Every line of the listing should be retyped exactly, but none of the pictures should be.

**Collected material:**
+-------+
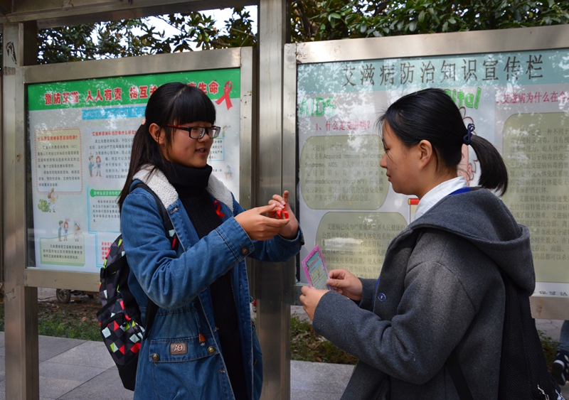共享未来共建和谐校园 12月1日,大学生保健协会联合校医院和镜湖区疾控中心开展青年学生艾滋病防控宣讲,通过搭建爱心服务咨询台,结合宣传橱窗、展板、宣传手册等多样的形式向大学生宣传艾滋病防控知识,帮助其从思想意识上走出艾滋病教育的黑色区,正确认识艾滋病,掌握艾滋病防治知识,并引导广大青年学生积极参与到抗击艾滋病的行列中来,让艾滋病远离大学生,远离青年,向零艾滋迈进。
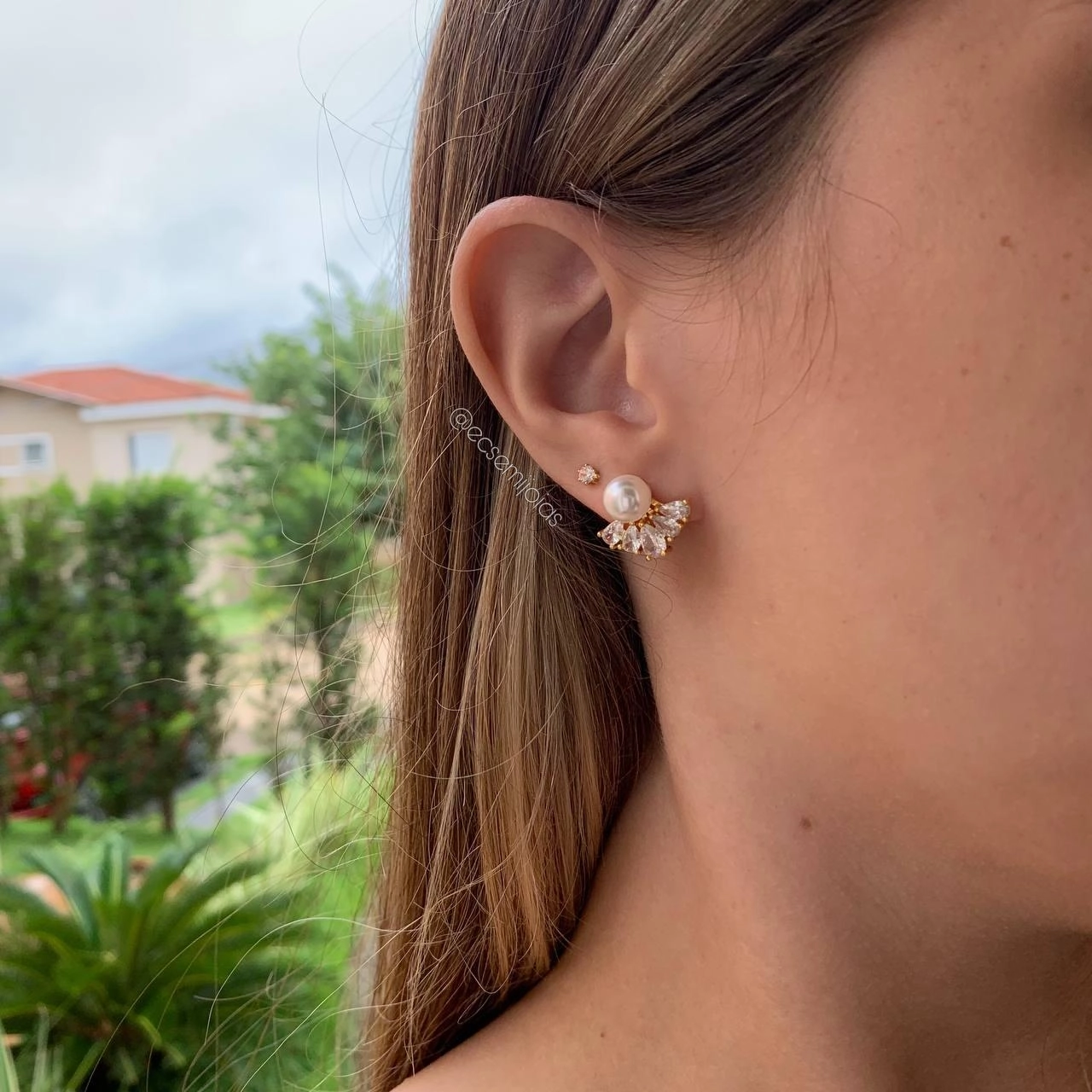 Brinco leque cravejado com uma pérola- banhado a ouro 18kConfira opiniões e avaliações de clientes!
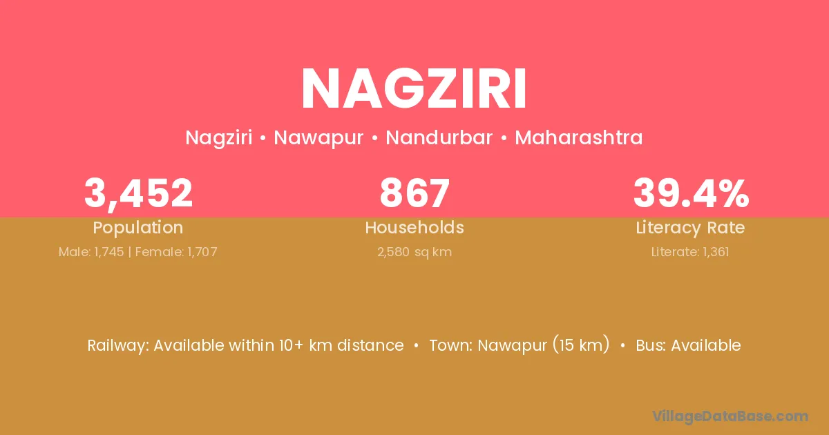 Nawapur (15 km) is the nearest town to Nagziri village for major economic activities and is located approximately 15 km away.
+-------+
**Task response:**
共享未来共建和谐校园 12月1日,大学生保健协会联合校医院和镜湖区疾控中心开展青年学生艾滋病防控宣讲,通过搭建爱心服务咨询台,结合宣传橱窗、展板、宣传手册等多样的形式向大学生宣传艾滋病防控知识,帮助其从思想意识上走出艾滋病教育的黑色区,正确认识艾滋病,掌握艾滋病防治知识,并引导广大青年学生积极参与到抗击艾滋病的行列中来,让艾滋病远离大学生,远离青年,向零艾滋迈进。
 Brinco leque cravejado com uma pérola- banhado a ouro 18kConfira opiniões e avaliações de clientes!
 Nawapur (15 km) is the nearest town to Nagziri village for major economic activities and is located approximately 15 km away.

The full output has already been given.